Die lehnten alle ab, begannen 1969 aber dennoch, Kearns' Erfindung
in ihre Autos einzubauen. Der folgende Rechtsstreit wegen Patentverletzung
zog sich über zweieinhalb Jahrzehnte und hätte fast Kearns'
gesamte Existenz zerstört. Es ist eine klassische "David
gegen Goliath"-Geschichte, mit jenen großen, arroganten,
Gewinn-maximierenden Konzernen als Bösewichte, die heute aufgrund
ihrer Selbstherrlichkeit vor dem Bankrott stehen.

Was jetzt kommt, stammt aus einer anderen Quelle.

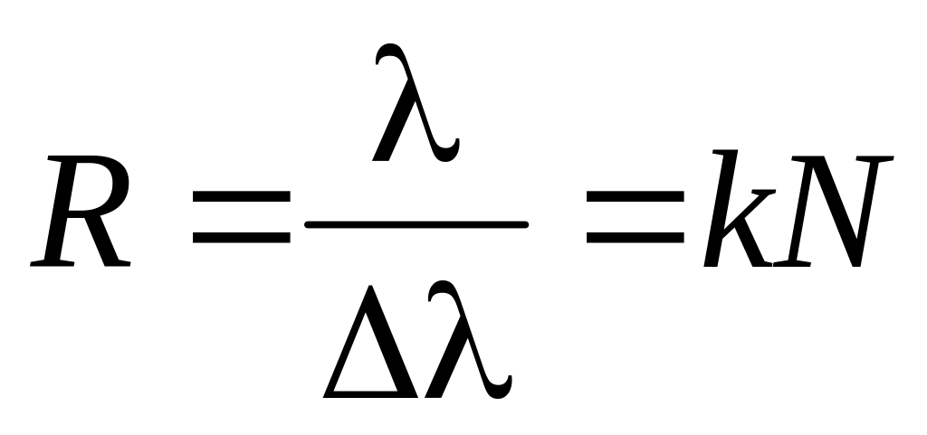 где — наименьшая разность длин волн двух соседних спектральных линий ( и +,), при которой эти линии могут быть видны раздельно в спектре, полученном посредством данной решетки; N — полное число щелей решетки.
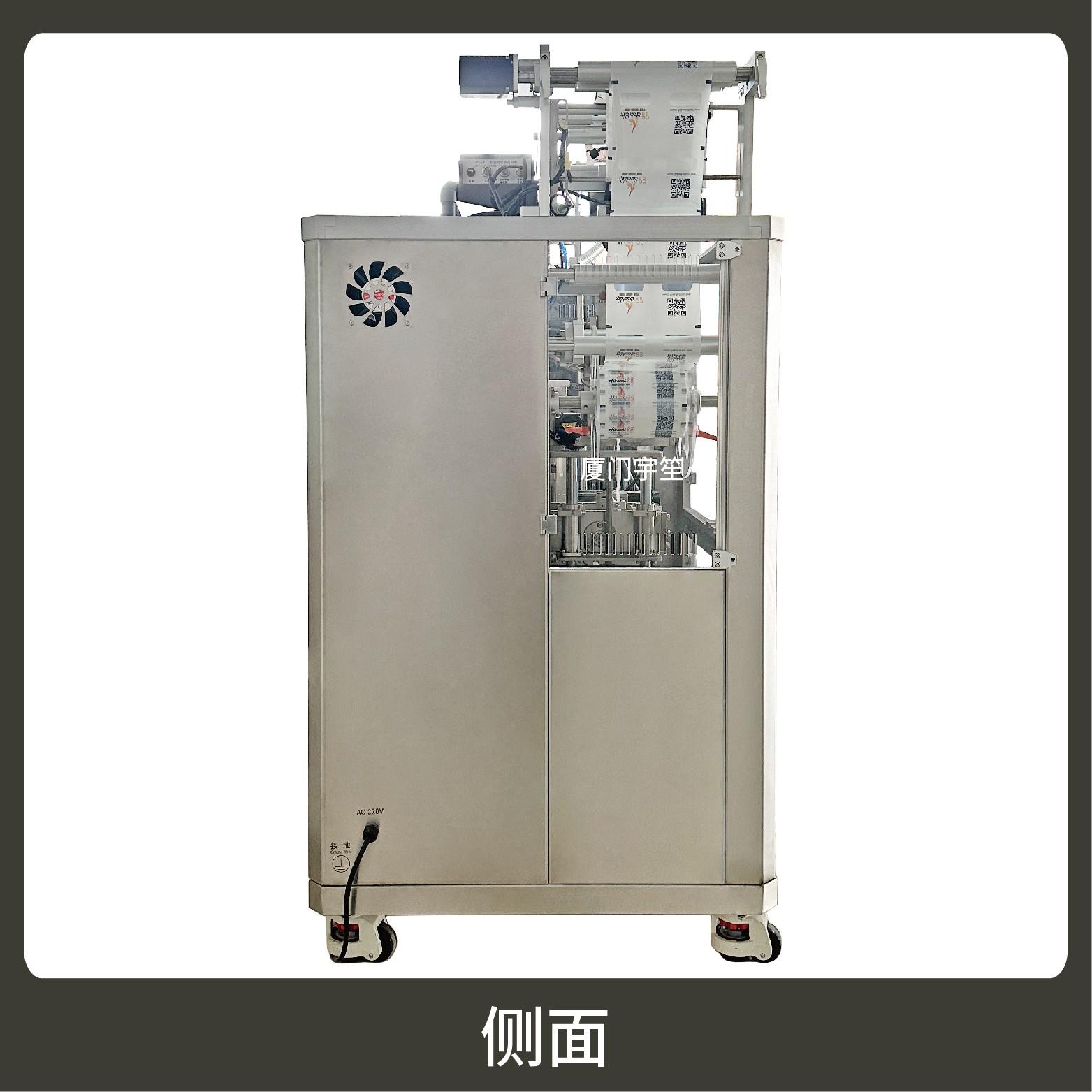 2、可自動(dòng)完成制袋、計(jì)量、下料、封合、分切、計(jì)數(shù)、且可根據(jù)客戶要求配置打印批號(hào)等功能。
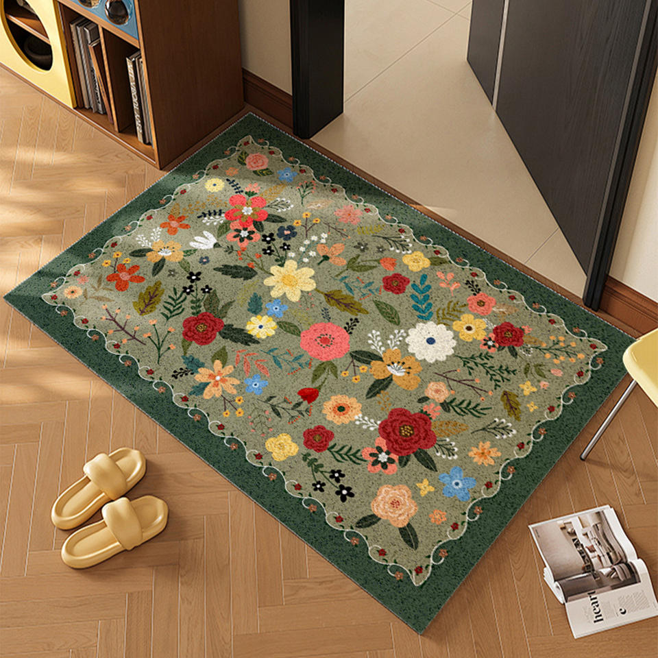 พรมเช็ดเท้าลายดอกไม้ รูปทรงสี่เหลี่ยมผืนผ้า ซักได้ สำหรับทางเข้าภายในบ้าน ลายไหมสีเขียวเบจ

Hätten die Macher von "Flash of Genius" absehen
können, dass die "Big Three" zur Jahreswende 2008/09
fast vollständig in sich zusammenfallen würden, sie hätten
die Akzente ihres Films vielleicht etwas anders gesetzt. Und vielleicht
hätten sich dann auch mehr Leute für den Film interessiert
als bei seinem US-Kinolauf im Oktober 2008, als er fast unter Ausschluss
der Öffentlichkeit lief und schon nach drei Wochen wieder von
den Leinwänden verschwand. Auch wenn "Flash of Genius"

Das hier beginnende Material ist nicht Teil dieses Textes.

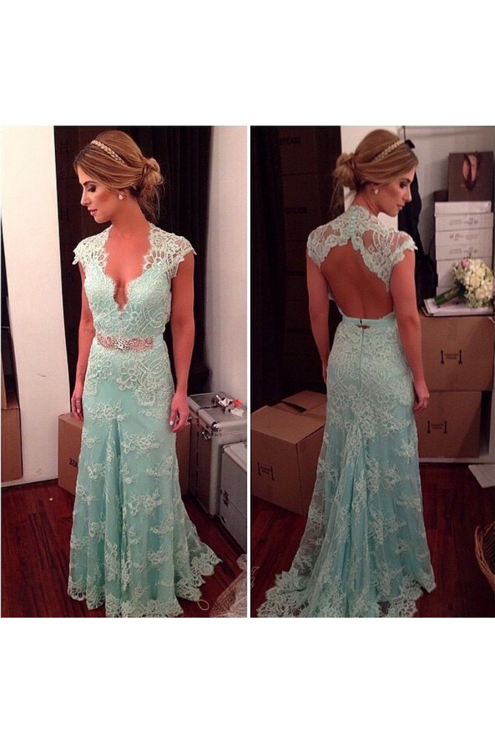 Lace V-Neck Long Mother of The Bride and Groom Dresses 602040
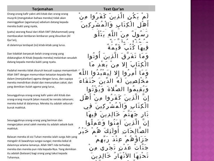Surah al bayyinah bahasa arab البينة pembuktian adalah surah ke 98 dalam al qur an surah ini terdiri atas 8 ayat termasuk golongan surat surat madaniyah diturunkan sesudah surah at talaq dinamai al bayyinah pembuktian diambil dari perkataan al bayyinah yang terdapat pada ayat pertama surat ini. Beberapa ayat yang menyebutkan bahwa al qur an sebagai petunjuk ialah dalam al qur an surat al baqarah ayat 185. Untuk lebih lengkapnya langsung saja simak ulasan lengkapnya di bawah ini. Al bayyinah adalah nama lain dari al qur an karna al qur an merupakan bukti yang nyata telah dari allah.
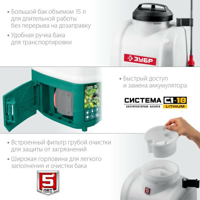 - Ранцевый аккумуляторный распылитель отличается эффективностью, мобильностью, экологичностью. Бережно орошает растения. Подходит для дезинфекции, мытья окон и стен. Работает от Li-Ion аккумулятора 18В. За счет наличия ремней обеспечивается удобство переноски на спине.
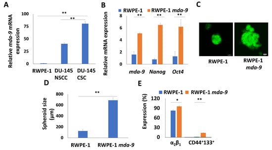 mda-9 Expression correlates with stemness markers. (A) Expression of mda-9 in normal prostate and prostate cancer stem cells. (B) Expression of Nanog, and Oct4 in mda-9 overexpressing normal prostate stem cells. (C) Confocal image showing the size of RWPE-1 cells in parental and mda-9 overexpressing prostaspheres. (D) Graphical depiction of the spheroid size in RWPE-1 prostaspheres in parental and mda-9 overexpressing cells. (E) Effect of mda-9 overexpression on normal prostate stem cell populations. The scale bars represent 20 µm. * p < 0.05, ** p < 0.01, using the Student’s t-test and ANOVA.

trotz seines Themas ein bisschen am aktuellen Krisen-Zeitgeist vorbeigeht,
weil er sich eben ganz auf seinen "David" Robert Kearns
konzentriert, hätte er dennoch einen größeren Erfolg
verdient gehabt. Denn er hebt sich positiv von vergleichbaren Filmen
ab, die es sich zu oft zu einfach machen und ihren gegen Windmühlen
kämpfenden Protagonisten als strahlenden, am Ende auf der ganzen
Linie siegreichen Helden zeigen.
"Flash
of Genius" macht es sich längst nicht so einfach. Robert
Kearns war ein anständiger, bescheidener und durchaus etwas
biederer Ingenieur, ein Familienmensch, der an sich nichts Heldenhaftes
an sich hatte. Das versucht der Film auch keineswegs zu beschönigen.

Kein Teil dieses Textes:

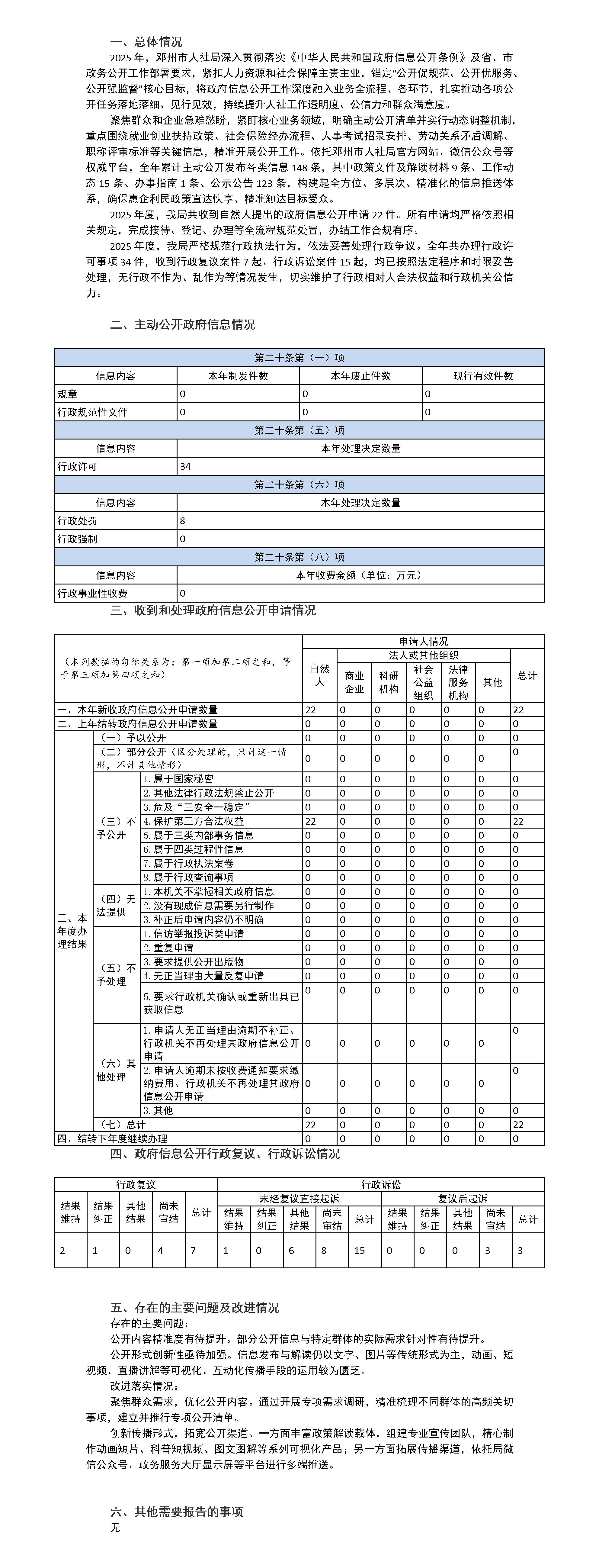 邓州市人社局2025年政府信息公开工作年度报告

Ein bisschen schluffig erscheint der Mann, seine Rechtschaffenheit
wirkt beizeiten fast ein wenig spießig (es gibt hier viele
Dialogzeilen der Sorte: "Wie soll ich meinen Kindern beibringen,
was richtig ist, wenn…"). Was er definitiv nicht ausstrahlt,
ist Stärke und Selbstbewusstsein. Als Kearns klar wird, dass
die Autokonzerne ihn gelinkt haben, versetzt ihn das dementsprechend
auch nicht sofort in empörte Kämpferstimmung, sondern
in einen psychischen Schock, der in einer klinischen Depression
endet. Tatsächlich dauerte es neun Jahre, bis Kearns die erste
Klage gegen Ford einreichte.
Greg Kinnear erweist sich für diese Rolle als absolute Idealbesetzung.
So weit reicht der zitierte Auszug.